The Times discloses that the project had a budget of $100,000, but adds that it “was likely too small to have a significant effect on the race.” A Democratic operative concurs, telling the Times that “it was impossible that a $100,000 operation had an impact.”
The Alabama Senate race cost $51 million. If it was impossible for a $100,000 New Knowledge operation to affect a 2017 state election, then how could a comparable—perhaps even less expensive—Russian operation possibly impact a $2.4 billion US presidential election in 2016?
On top of straining credulity, fixating on barely detectable and trivial social-media content also downplays myriad serious issues. As the journalist Ari Berman has tirelessly pointed out, the 2016 election was “the first presidential contest in 50 years without the full protections of the [Voting Rights Act],” one that was conducted amid “the greatest rollback of voting rights since the act was passed” in 1965. Rather than ruminating over whether they were duped by Russian clickbait, reporters who have actually spoken to black Midwest voters have found that political disillusionment amid stagnant wages, high inequality, and pervasive police brutality led many to stay home.
And that leads us to perhaps a key reason why elites in particular are so fixated on the purported threat of Russian meddling: It deflects attention from their own failures, and the failings of the system that grants them status as elites. During the campaign, corporate media outlets handed Donald Trump billions of dollars worth of air time because, in the words of the now ousted CBS exec Les Moonves: “It may not be good for America, but it’s damn good for CBS…. The money’s rolling in and this is fun.” Not wanting to interrupt the fun, these outlets have every incentive to breathlessly cover Russiagate and amplify comparisons of stolen Democratic Party e-mails and Russian social-media posts to Pearl Harbor, 9/11, Kristallnacht, and “cruise missiles.”
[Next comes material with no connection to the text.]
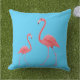 L'oreiller extérieur est montré dans une couleur solide de bleu turquoise avec une jolie impression flamingo. Customisez ce coussin ou achetez tel quel. Image stock

Having lost the presidential election to a reality TV host, the Democratic Party leadership is arguably the most incentivized to capitalize on the Russia panic. They continue to oblige. Like clockwork, former Clinton campaign manager Robby Mook seized on the new Senate studies to warn that “Russian operatives will try to divide Democrats again in the 2020 primary, making activists unwitting accomplices.” By “unwitting accomplices,” Mook is presumably referring to the progressive Democrats who have protested the DNC leadership’s collusion with the Clinton campaign and bias against Bernie Sanders in the 2016 primary. Mook is following a now familiar Democratic playbook: blaming Russia for the consequences of the party elite’s own actions. When an uproar arose over Trump campaign data firm Cambridge Analytica in early 2018, Hillary Clinton was quoted posing what she dubbed the “real question”: “How did the Russians know how to target their messages so precisely to undecided voters in Wisconsin, or Michigan, or Pennsylvania?”
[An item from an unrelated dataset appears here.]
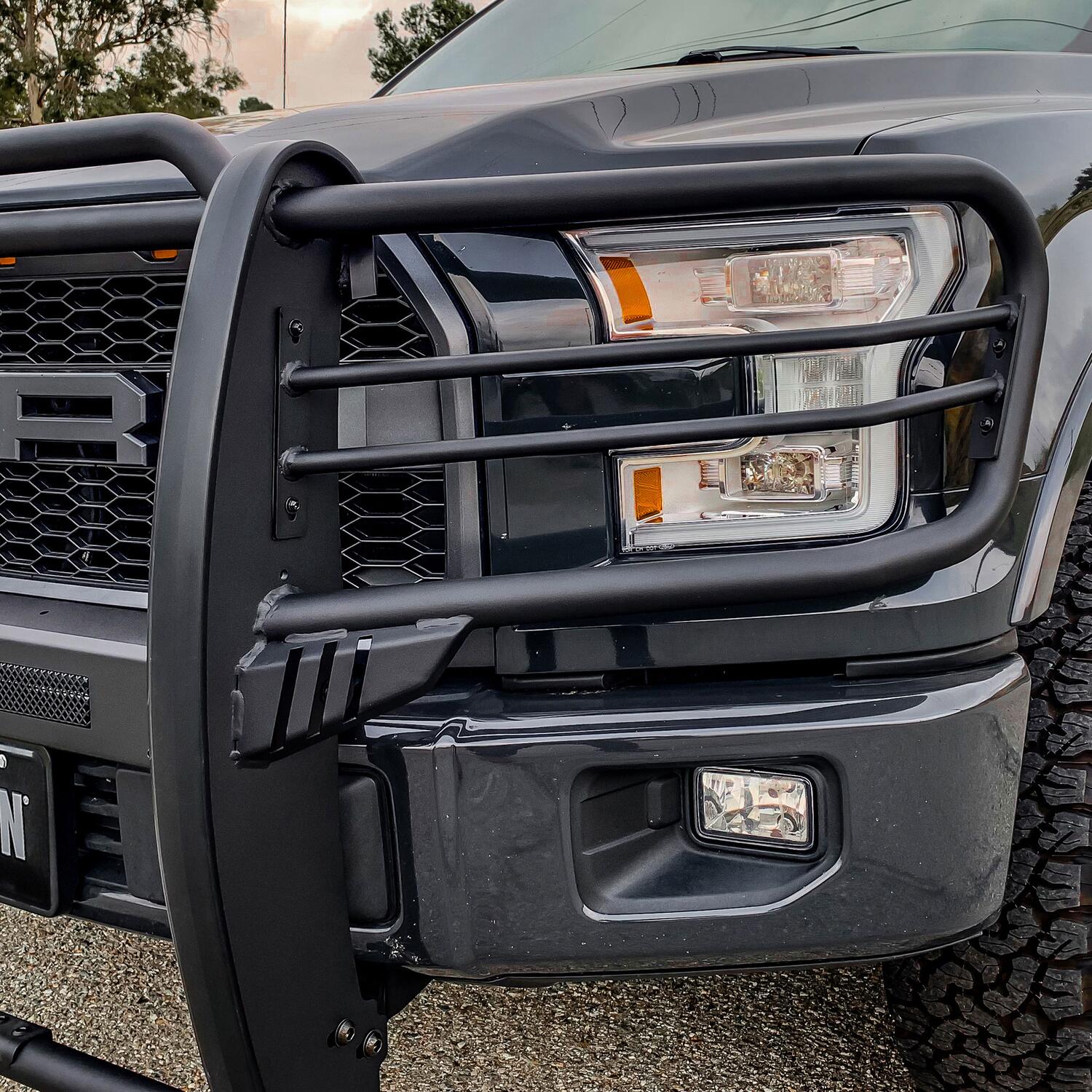 Westin's Sportsman X Grille Guard effectively combines aggressive styling with heavy duty front end protection. Engineered to provide both great looks and performance, Sportsman X’s unique design compliments today’s larger grille designs, and is available to fit most full and mid size truck applications. Sportsman X has an optional detachable mesh panel (sold separately) which is specifically designed to fit the opening in the center section of Sportsman X Grille Guard, or can be removed to accommodate the flush mounted 26” dual row LED light bar (sold separately). A smaller removable mesh panel designed for the factory sensor location opening is included as standard with Sportsman X. For specific Chevy and Dodge/RAM applications a Sportsman X Sensor Kit (sold separately) is available. An exterior step plate is located on the 1-5/8” bottom tube to provide easy access to the engine compartment. Built with heavy duty 2-1/4” upright rubber strips and 1- 5/8” outer tubes, Sportsman X Grille Guard is designed to provide protection and style for years to come.

In fact, the Russians spent a grand total of $3,102 in these three states, with the majority of that paltry sum not even during the general election but during the primaries, and the majority of the ads were not even about candidates but about social issues. The total number of times ads were targeted at Wisconsin (54), Michigan (36), Pennsylvania (25) combined is less than the 152 times that ads were targeted at the blue state of New York. Wisconsin and Michigan also happen to be two states that Clinton infamously, and perilously, avoided visiting in the campaign’s final months.
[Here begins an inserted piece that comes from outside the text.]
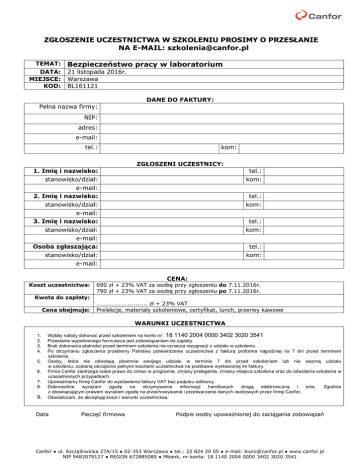 ZGŁOSZENIE UCZESTNICTWA W SZKOLENIU PROSIMY O PRZESŁANIE NA E-MAIL: [email protected] TEMAT: DATA: MIEJSCE: KOD: Bezpieczeństwo pracy w laboratorium 21 listopada 2016r. Warszawa BL161121 DANE DO FAKTURY: Pełna nazwa firmy: NIP: adres: e-mail: tel.: kom: ZGŁOSZENI UCZESTNICY: 1. Imię i nazwisko: stanowisko/dział: tel.: kom: e-mail: 2. Imię i nazwisko: tel.: stanowisko/dział: kom: e-mail: 3. Imię i nazwisko: stanowisko/dział: tel.: kom: e-mail: Osoba zgłaszająca: stanowisko/dział: tel.: kom: e-mail: CENA: Koszt uczestnictwa: 690 zł + 23% VAT za osobę przy zgłoszeniu do 7.11.2016r. 790 zł + 23% VAT za osobę przy zgłoszeniu po 7.11.2016r. Kwota do zapłaty: Cena obejmuje: ………………….......... zł + 23% VAT Prelekcje, materiały szkoleniowe, certyfikat, lunch, przerwy kawowe WARUNKI UCZESTNICTWA 1. 2. 3. 4. 5. 6. 7. 8. 9. Wpłaty należy dokonać przed szkoleniem na konto nr: 18 1140 2004 0000 3402 3020 3541 Przesłanie wypełnionego formularza jest zobowiązaniem do zapłaty. Brak dokonania płatności przed terminem szkolenia nie oznacza rezygnacji z udziału w szkoleniu. Po otrzymaniu zgłoszenia prześlemy Państwu potwierdzenie uczestnictwa z fakturą proforma najpóźniej na 7 dni przed terminem szkolenia. Osoby, które nie odwołają pisemnie swojego udziału w terminie 7 dni przed szkoleniem lub nie wezmą udziału w szkoleniu, zostaną obciążone pełnymi kosztami uczestnictwa na podstawie wystawionej im faktury. Firma Canfor zastrzega sobie prawo do zmian w programie, zmiany prelegenta, zmiany miejsca szkolenia oraz do odwołania szkolenia w uzasadnionych przypadkach. Upoważniamy firmę Canfor do wystawienia faktury VAT bez podpisu odbiorcy. Dobrowolnie wyrażam zgodę na otrzymywanie informacji handlowych drogą elektroniczną i sms. Zgodnie z obowiązującym prawem wyrażam zgodę na przechowywanie i przetwarzanie danych osobowych przez firmę Canfor. Oświadczam, że akceptuję koszt i warunki uczestnictwa. Data Pieczęć firmowa Podpis osoby upoważnionej do zaciągania zobowiązań Canfor ● ul. Szczęśliwicka 27A/15 ● 02-353 Warszawa ● tel.: 22 824 20 05 ● e-mail: [email protected] ● www.canfor.pl NIP 9482079127 ● REGON 672885080 ● Mbank, nr konta: 18 1140 2004 0000 3402 3020 3541

The utility of Russia-baiting goes far beyond absolving elites of responsibility for their own failures. Hacked documents have recently revealed that a UK-government charity has waged a global propaganda operation in the name of “countering Russian disinformation.” The project, known as the Integrity Initiative, is run by military intelligence officials with funding from the British Foreign Office and other government sources, including the US State Department and NATO. It works closely with “clusters” of sympathetic journalists and academics across the West, and has already been outed for waging a social-media campaign against Labour leader Jeremy Corbyn. The group’s Twitter account promoted articles that painted Corbyn as a “useful idiot” in support of “the Kremlin cause”; criticized his communications director, Seumas Milne, for his alleged “work with the Kremlin agenda”; and said, “It’s time for the Corbyn left to confront its Putin problem.”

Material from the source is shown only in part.